Hi, human / crawler!

I am Yuning Mao , a research scientist at Llama Post-training, Meta GenAI. I received my Ph.D degree in Computer Science from the University of Illinois at Urbana–Champaign (UIUC), where I was a member of Prof. Jiawei Han's Group. I received my Bachelor's degree from the IEEE Class, Shanghai Jiao Tong University (SJTU).

My research goal is to help humans acquire information and knowledge more effectively and efficiently. At Meta, I have been developing large language models (Llama 2, 3, 4🦙). I am one of the founding members of Meta GenAI org. Most recently, I've been focused on LLM for code generation, in particular generating interative websites, APPs, and games. Previously, I was working on all sorts of things LLM safety - I was in charge of safety eval for Llama2, then safety modeling during Meta AI initial launch, and in 2024 multilingual/i18n safety for Llama3/Meta AI as well as the development of Meta AI auto redteaming. During PhD, I worked on a range of topics such as text summarization and generation, question answering, parameter-efficient fine-tuning, and taxonomy construction.

Misc: I'm broadly interested in anyone who's into Chinese language and culture.

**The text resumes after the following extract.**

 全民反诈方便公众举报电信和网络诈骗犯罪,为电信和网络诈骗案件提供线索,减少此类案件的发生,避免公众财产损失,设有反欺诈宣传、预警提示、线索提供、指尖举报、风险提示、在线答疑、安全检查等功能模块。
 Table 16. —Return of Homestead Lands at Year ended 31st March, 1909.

If you are motivated to learn Mandarin, I'm happy to help!

What's New

-------------------------------- What's not-so-new --------------------------------

[2024-04] We released Llama 3 along with Llama Guard 2 and Meta AI assistant powered by Llama 3.

[2023-12] We released Llama Guard for LLM Input-Output Safetyguard under the purple llama initialtive.

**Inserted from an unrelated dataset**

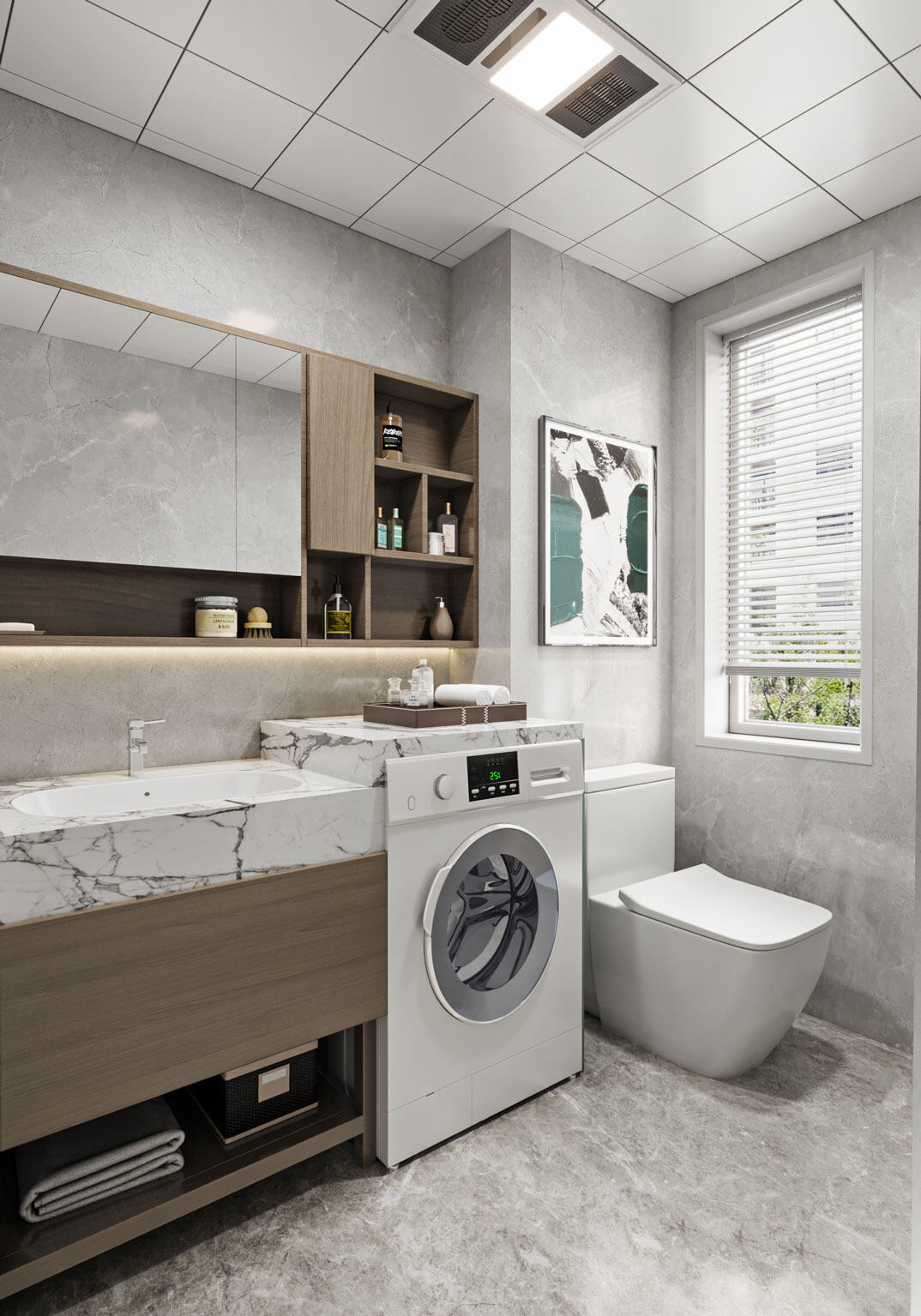 魯商藍岸公館125㎡三室兩廳衛(wèi)生間新中式風(fēng)格裝修案例效果圖

[2023-09] We released Meta AI assistant in Instagram, Whatsapp, and Messenger, which is also coming to Ray-Ban Meta smart glasses and Quest 3.

[2023-07] We released Llama 2, a collection of pretrained and fine-tuned LLMs [paper].

[2023-05] We released LIMA, a LLaMA-based model fine-tuned on only 1,000 curated prompts + responses, which produces shockingly good performance [paper] [twitter] [linkedIn].

[2022-05] We released a new summarization dataset based on citation texts, CiteSum (featured in Paperswithcode newsletter). By pre-training on CiteSum, we achieve state-of-the-art zero-shot/few-shot performance in various downstream tasks of different domains [paper].

[2021-01] Check out how to get free gains for openQA by reranking retrieved passages without any training [paper].

[2020-10] Check out how to use constrained generation to preserve the factual consistency of abstractive summarization without worsening ROUGE [paper].

[2020-09] Check out how we achieve SOTA on Natural Questions and TriviaQA using "BM25" [paper].

[2020-09] Two papers on multi-document summarization and knowledge graph reasoning are accepted to EMNLP 2020.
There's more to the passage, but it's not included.